Supplied entries:
——

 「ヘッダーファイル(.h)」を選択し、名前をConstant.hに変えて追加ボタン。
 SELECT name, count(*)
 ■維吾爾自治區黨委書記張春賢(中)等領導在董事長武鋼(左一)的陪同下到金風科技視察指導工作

——

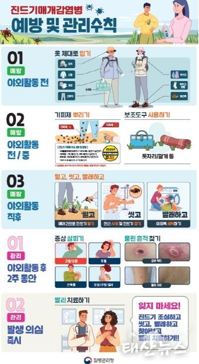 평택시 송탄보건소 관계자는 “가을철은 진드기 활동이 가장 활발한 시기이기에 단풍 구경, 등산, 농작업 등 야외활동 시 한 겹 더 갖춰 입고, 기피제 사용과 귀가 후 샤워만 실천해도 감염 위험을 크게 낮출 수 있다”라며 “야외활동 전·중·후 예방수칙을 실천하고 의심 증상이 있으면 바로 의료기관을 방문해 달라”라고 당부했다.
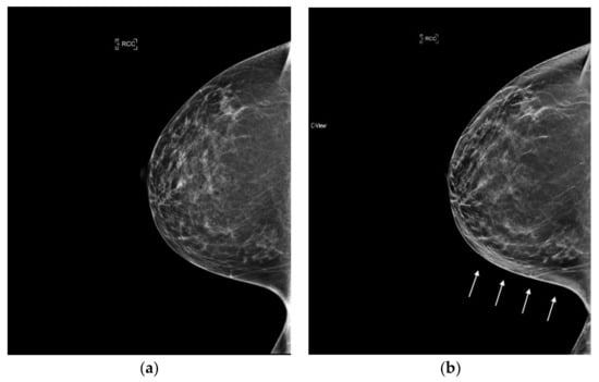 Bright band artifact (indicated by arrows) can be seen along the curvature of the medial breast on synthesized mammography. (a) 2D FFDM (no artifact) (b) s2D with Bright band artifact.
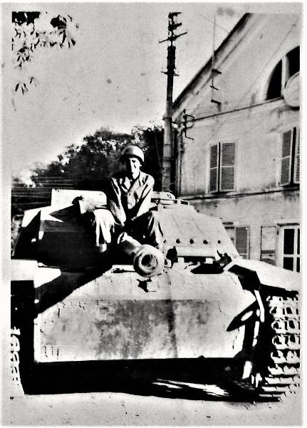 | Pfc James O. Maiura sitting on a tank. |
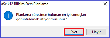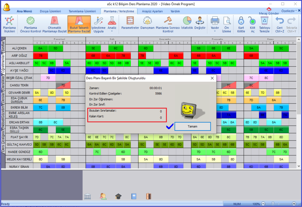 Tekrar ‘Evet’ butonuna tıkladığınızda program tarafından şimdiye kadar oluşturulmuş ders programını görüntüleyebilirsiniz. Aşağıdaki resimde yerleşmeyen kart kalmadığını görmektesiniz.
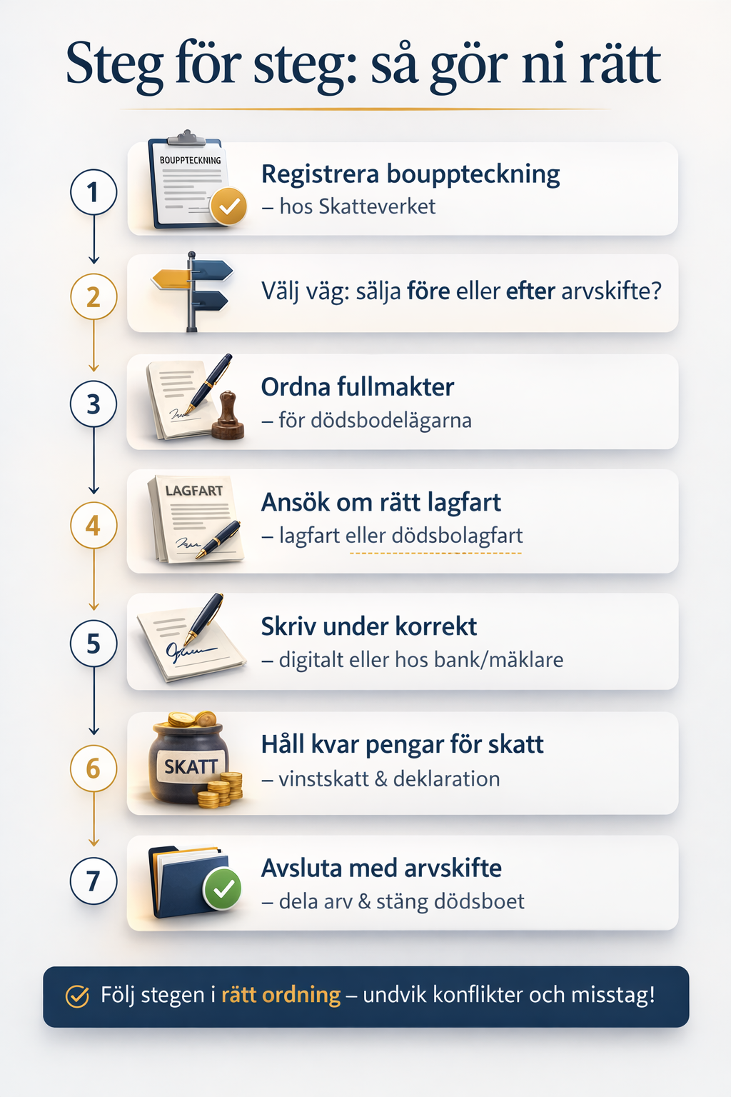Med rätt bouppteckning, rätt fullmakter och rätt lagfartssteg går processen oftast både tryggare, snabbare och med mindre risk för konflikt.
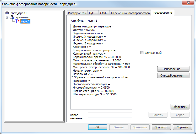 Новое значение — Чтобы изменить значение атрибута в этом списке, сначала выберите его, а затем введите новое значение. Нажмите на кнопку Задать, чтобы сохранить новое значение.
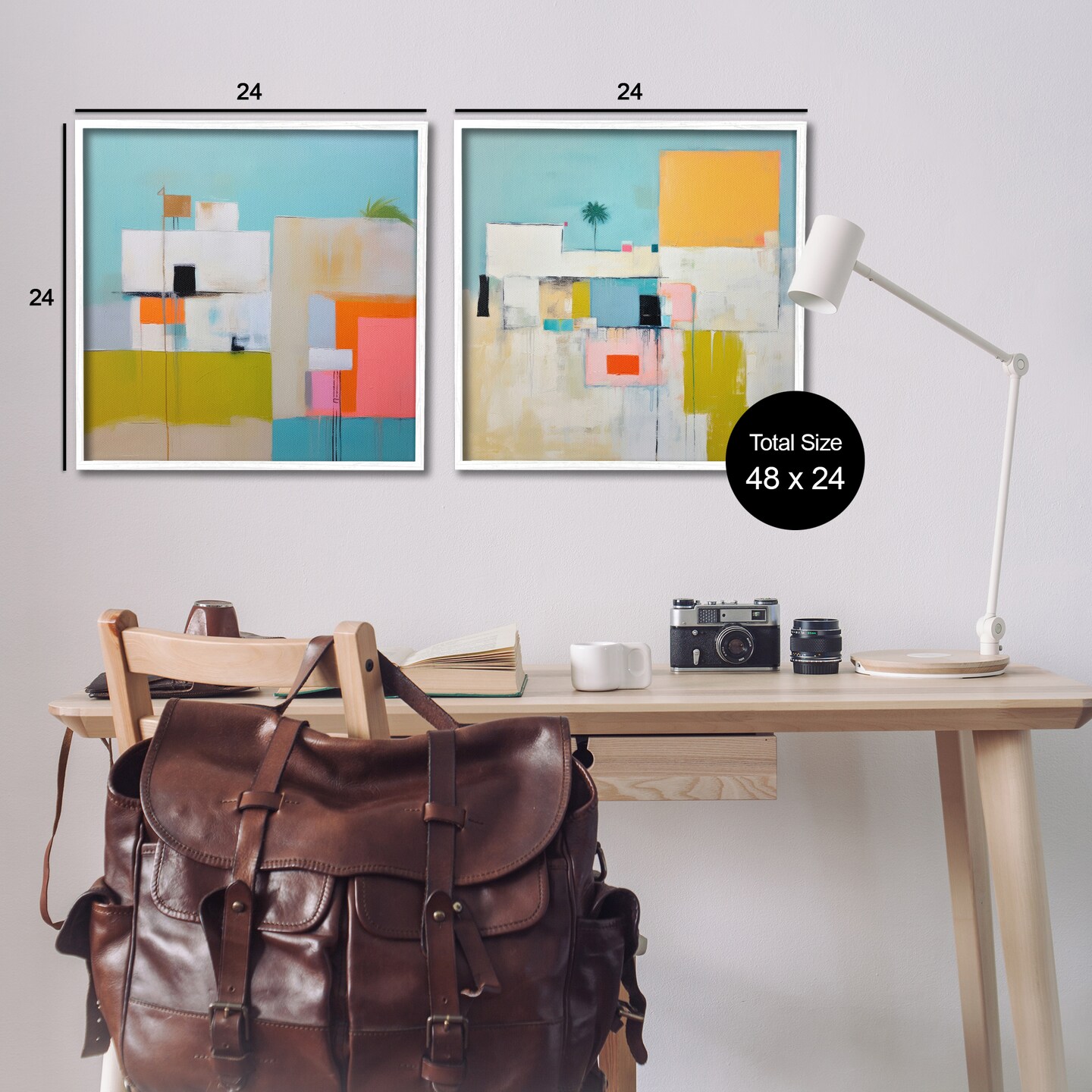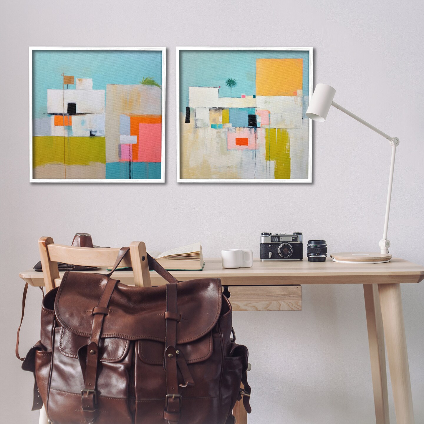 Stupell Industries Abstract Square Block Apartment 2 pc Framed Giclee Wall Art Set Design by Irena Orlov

——

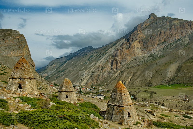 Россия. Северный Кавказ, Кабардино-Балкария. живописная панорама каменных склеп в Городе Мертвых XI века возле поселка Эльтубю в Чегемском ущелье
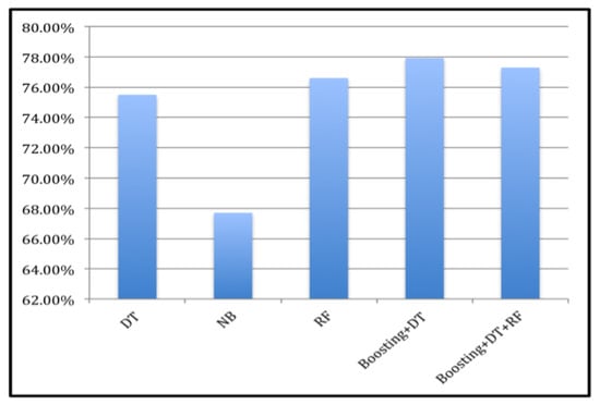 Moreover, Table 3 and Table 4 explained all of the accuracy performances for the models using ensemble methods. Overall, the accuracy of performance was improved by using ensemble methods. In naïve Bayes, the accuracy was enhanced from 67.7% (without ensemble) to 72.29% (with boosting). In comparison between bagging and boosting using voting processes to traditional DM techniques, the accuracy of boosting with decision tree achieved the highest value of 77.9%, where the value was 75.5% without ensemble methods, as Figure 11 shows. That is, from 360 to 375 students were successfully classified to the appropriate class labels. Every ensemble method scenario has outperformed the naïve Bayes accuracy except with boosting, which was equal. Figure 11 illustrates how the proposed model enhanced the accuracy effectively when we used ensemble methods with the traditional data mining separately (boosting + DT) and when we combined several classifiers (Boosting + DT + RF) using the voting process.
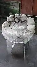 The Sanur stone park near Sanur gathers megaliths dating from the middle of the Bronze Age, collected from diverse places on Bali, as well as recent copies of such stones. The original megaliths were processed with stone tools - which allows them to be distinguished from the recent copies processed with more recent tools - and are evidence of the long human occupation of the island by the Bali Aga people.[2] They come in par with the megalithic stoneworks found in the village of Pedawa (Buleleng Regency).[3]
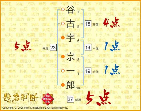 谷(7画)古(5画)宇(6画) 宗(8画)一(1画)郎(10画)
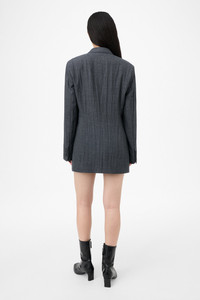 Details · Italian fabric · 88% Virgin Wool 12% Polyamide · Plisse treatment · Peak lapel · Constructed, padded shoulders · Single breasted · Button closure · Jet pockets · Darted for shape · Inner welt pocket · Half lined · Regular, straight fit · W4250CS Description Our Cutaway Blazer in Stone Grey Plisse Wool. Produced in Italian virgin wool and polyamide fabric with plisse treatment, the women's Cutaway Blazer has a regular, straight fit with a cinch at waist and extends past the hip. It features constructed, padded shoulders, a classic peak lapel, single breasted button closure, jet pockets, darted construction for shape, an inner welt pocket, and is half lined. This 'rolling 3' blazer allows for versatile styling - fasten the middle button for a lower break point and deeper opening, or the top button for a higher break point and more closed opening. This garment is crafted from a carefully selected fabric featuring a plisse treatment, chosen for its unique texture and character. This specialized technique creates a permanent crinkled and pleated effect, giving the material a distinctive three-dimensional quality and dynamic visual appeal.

——

Exercise aim: If a picture sits between the line containing "on a tank. |" and the line containing "Stupell Industries Abstract", leave it out, and return the lines of that range above exactly, both ends included.

Answer:
 | Pfc James O. Maiura sitting on a tank. |
 Tekrar ‘Evet’ butonuna tıkladığınızda program tarafından şimdiye kadar oluşturulmuş ders programını görüntüleyebilirsiniz. Aşağıdaki resimde yerleşmeyen kart kalmadığını görmektesiniz.
Med rätt bouppteckning, rätt fullmakter och rätt lagfartssteg går processen oftast både tryggare, snabbare och med mindre risk för konflikt.
 Новое значение — Чтобы изменить значение атрибута в этом списке, сначала выберите его, а затем введите новое значение. Нажмите на кнопку Задать, чтобы сохранить новое значение.
 Stupell Industries Abstract Square Block Apartment 2 pc Framed Giclee Wall Art Set Design by Irena Orlov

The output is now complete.